▶ Data segment:
═══
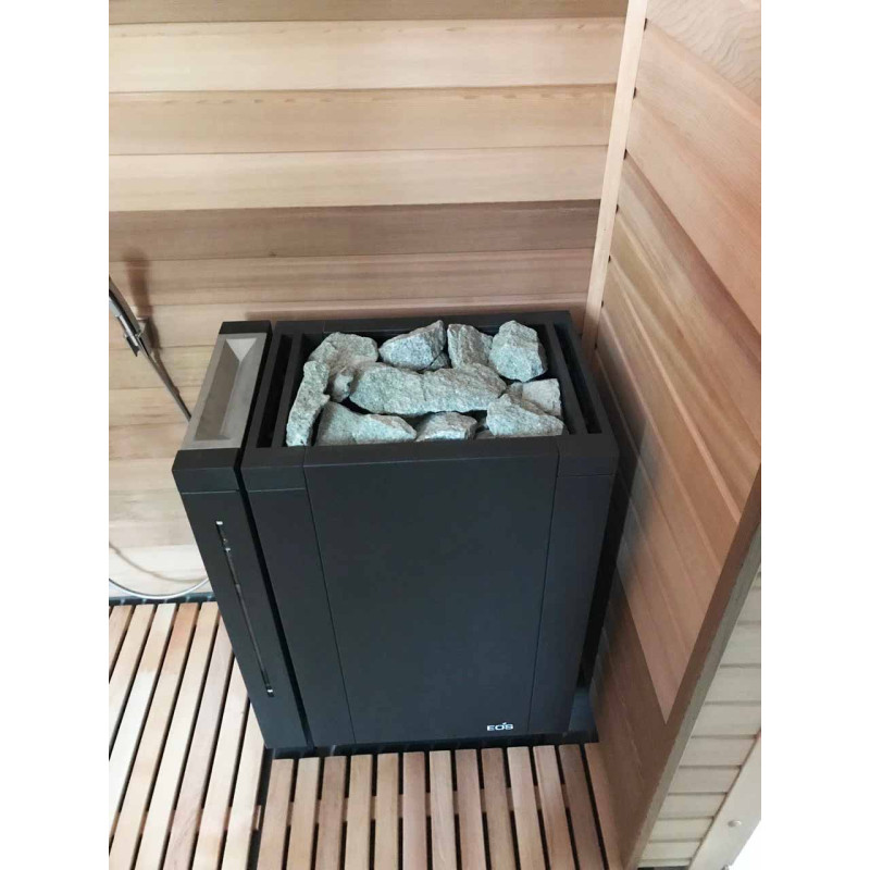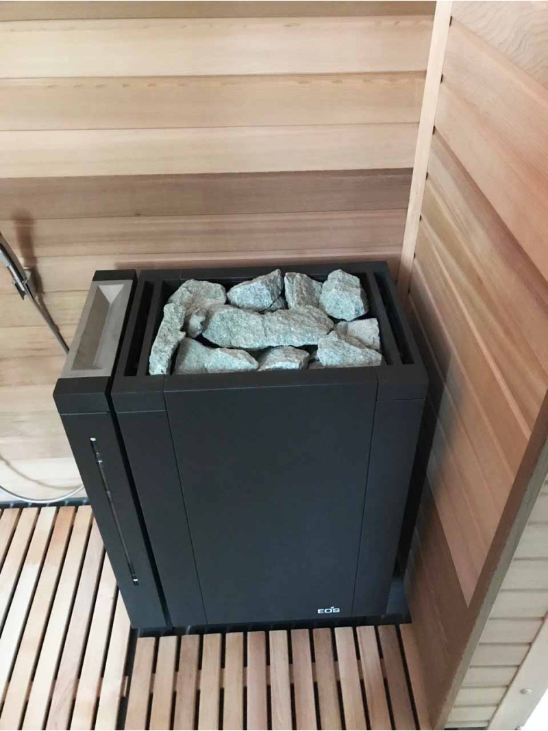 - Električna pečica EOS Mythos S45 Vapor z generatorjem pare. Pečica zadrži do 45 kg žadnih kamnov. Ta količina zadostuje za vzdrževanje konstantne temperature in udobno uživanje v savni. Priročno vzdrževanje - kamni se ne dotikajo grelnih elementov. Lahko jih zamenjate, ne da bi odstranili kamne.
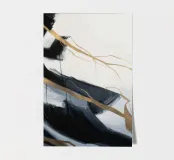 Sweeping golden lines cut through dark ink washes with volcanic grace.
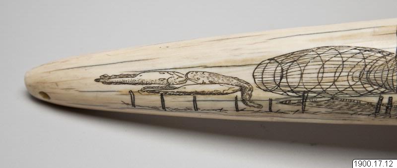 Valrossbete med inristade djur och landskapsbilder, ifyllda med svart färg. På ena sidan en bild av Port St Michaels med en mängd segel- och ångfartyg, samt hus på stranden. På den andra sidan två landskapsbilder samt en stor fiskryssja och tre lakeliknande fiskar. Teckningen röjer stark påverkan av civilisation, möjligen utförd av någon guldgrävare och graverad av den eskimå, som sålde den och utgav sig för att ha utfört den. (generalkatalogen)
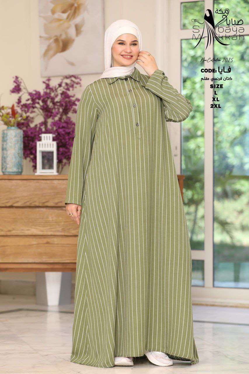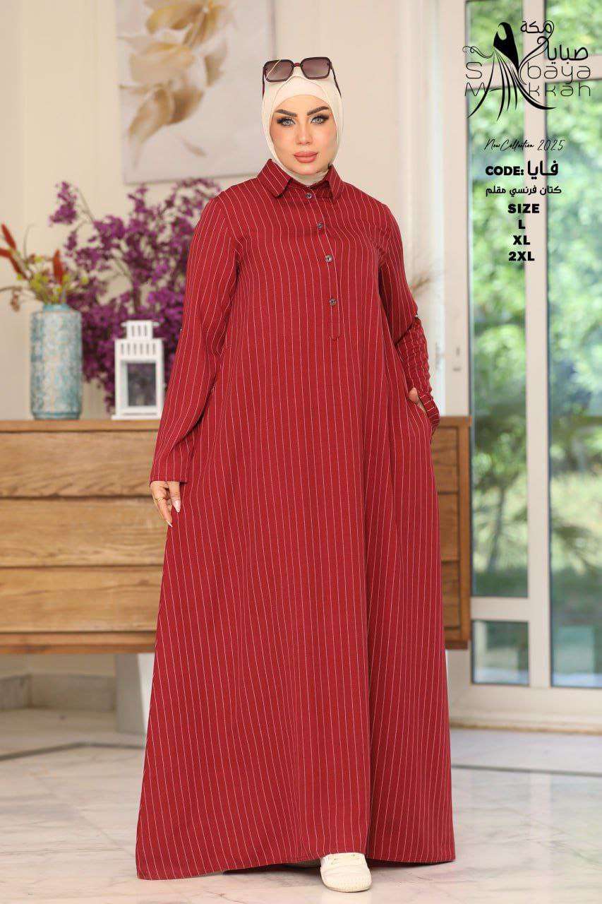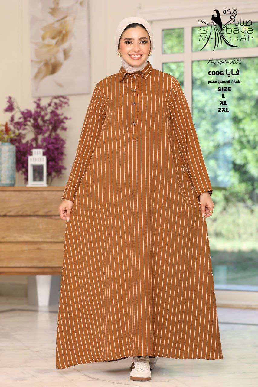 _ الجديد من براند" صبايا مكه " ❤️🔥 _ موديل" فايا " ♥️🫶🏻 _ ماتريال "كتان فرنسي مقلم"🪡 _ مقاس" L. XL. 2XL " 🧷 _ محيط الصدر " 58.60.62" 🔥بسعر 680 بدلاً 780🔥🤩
═══
Retype the whole listing. Keep every word exact but include no pictures.

▶ Response to the task:
 - Električna pečica EOS Mythos S45 Vapor z generatorjem pare. Pečica zadrži do 45 kg žadnih kamnov. Ta količina zadostuje za vzdrževanje konstantne temperature in udobno uživanje v savni. Priročno vzdrževanje - kamni se ne dotikajo grelnih elementov. Lahko jih zamenjate, ne da bi odstranili kamne.
 Sweeping golden lines cut through dark ink washes with volcanic grace.
 Valrossbete med inristade djur och landskapsbilder, ifyllda med svart färg. På ena sidan en bild av Port St Michaels med en mängd segel- och ångfartyg, samt hus på stranden. På den andra sidan två landskapsbilder samt en stor fiskryssja och tre lakeliknande fiskar. Teckningen röjer stark påverkan av civilisation, möjligen utförd av någon guldgrävare och graverad av den eskimå, som sålde den och utgav sig för att ha utfört den. (generalkatalogen)
 _ الجديد من براند" صبايا مكه " ❤️🔥 _ موديل" فايا " ♥️🫶🏻 _ ماتريال "كتان فرنسي مقلم"🪡 _ مقاس" L. XL. 2XL " 🧷 _ محيط الصدر " 58.60.62" 🔥بسعر 680 بدلاً 780🔥🤩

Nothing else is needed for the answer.